Stored dataset items:
+++++
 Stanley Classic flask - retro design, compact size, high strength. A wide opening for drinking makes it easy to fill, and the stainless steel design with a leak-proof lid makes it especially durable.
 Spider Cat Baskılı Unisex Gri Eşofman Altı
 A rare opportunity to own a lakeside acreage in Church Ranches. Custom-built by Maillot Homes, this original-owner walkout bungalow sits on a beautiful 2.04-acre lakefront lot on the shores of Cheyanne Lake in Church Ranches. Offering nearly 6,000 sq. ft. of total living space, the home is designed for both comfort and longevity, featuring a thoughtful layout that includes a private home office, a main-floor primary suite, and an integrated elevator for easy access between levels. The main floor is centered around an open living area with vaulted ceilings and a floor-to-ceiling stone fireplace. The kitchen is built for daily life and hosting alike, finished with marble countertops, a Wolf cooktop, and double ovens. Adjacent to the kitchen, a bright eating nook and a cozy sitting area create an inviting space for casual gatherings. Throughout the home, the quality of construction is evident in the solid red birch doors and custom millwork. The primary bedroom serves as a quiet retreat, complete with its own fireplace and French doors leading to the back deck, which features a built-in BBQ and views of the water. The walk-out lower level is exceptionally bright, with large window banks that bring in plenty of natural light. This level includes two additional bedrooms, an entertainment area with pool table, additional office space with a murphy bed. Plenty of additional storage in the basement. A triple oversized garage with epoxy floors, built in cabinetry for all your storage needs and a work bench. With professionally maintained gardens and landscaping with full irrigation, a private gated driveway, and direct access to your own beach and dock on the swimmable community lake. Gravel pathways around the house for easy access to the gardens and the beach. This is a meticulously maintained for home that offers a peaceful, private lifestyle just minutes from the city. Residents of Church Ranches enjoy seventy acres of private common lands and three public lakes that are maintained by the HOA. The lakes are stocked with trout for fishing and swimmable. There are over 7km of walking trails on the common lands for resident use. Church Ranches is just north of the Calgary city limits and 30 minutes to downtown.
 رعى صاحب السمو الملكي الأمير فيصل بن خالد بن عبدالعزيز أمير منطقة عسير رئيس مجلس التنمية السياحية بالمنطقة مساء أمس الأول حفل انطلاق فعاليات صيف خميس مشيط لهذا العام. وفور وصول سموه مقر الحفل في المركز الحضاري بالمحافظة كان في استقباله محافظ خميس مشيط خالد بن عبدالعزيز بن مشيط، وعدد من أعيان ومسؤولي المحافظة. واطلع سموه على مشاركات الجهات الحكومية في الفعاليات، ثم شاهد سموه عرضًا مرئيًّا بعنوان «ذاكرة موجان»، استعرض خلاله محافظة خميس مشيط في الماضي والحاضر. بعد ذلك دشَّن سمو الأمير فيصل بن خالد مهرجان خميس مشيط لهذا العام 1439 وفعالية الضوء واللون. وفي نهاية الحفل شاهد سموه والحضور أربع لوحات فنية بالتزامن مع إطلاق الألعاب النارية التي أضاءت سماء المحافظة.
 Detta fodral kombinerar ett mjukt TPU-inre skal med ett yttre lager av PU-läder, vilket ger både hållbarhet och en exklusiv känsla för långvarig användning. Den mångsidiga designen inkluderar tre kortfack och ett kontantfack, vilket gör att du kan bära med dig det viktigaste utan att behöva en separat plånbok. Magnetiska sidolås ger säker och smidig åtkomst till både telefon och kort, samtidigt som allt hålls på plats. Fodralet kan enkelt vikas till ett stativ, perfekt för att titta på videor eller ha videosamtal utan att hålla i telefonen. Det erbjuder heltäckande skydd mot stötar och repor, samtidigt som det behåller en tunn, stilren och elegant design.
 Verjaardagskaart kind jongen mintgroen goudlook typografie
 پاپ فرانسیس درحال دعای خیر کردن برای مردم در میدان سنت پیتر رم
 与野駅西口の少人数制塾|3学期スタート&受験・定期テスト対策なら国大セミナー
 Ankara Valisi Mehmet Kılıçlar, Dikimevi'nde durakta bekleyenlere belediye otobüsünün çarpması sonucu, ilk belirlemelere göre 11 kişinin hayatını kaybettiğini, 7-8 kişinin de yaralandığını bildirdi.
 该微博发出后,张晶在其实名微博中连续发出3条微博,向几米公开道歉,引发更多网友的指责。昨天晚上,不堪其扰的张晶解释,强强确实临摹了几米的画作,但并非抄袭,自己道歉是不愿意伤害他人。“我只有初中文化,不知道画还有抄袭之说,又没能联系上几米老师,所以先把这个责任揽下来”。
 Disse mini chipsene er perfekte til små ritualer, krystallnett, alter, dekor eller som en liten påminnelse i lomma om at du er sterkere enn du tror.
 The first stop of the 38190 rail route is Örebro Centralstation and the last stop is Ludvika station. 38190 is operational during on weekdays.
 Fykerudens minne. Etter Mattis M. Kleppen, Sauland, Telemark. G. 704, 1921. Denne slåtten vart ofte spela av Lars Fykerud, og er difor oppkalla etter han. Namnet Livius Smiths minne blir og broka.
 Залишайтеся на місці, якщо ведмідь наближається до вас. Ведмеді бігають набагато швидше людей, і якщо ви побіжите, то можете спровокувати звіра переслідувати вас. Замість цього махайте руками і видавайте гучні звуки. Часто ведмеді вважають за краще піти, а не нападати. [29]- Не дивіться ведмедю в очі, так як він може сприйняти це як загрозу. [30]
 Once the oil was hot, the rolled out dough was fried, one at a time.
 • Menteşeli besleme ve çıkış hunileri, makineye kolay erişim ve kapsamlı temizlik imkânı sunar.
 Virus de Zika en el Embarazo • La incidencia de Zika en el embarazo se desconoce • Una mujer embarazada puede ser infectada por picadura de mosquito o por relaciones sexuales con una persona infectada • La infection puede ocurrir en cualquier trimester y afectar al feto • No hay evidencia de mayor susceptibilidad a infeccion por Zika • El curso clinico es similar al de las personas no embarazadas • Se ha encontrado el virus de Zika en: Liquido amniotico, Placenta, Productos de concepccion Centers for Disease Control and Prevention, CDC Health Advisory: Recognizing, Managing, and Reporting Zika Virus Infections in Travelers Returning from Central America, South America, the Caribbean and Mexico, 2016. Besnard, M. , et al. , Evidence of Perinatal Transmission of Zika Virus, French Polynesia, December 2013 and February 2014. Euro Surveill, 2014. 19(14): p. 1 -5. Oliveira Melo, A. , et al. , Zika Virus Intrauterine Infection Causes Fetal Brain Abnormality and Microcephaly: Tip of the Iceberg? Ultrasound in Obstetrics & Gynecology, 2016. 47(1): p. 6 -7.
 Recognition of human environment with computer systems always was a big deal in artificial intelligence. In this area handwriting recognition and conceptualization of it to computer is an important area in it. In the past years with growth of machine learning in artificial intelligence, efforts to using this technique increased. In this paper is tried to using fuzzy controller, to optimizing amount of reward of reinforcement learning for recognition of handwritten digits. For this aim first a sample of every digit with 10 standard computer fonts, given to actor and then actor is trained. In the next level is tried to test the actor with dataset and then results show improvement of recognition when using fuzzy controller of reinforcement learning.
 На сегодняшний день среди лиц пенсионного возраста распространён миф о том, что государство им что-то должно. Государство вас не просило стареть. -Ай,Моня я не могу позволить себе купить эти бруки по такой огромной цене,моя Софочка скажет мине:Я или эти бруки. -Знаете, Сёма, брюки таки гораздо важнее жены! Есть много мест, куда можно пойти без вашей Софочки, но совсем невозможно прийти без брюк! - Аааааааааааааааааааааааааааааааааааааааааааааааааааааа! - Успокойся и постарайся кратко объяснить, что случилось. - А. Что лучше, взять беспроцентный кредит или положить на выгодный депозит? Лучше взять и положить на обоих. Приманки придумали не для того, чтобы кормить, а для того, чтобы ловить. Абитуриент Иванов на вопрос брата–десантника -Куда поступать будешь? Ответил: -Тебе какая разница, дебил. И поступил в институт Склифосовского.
+++++
* **About this exercise**
Please reproduce, exactly as they appear above, the lines from the line containing "Залишайтеся на місці, якщо" up to and including the line containing "temizlik imkânı sunar.".

* **Problem solution**
 Залишайтеся на місці, якщо ведмідь наближається до вас. Ведмеді бігають набагато швидше людей, і якщо ви побіжите, то можете спровокувати звіра переслідувати вас. Замість цього махайте руками і видавайте гучні звуки. Часто ведмеді вважають за краще піти, а не нападати. [29]- Не дивіться ведмедю в очі, так як він може сприйняти це як загрозу. [30]
 Once the oil was hot, the rolled out dough was fried, one at a time.
 • Menteşeli besleme ve çıkış hunileri, makineye kolay erişim ve kapsamlı temizlik imkânı sunar.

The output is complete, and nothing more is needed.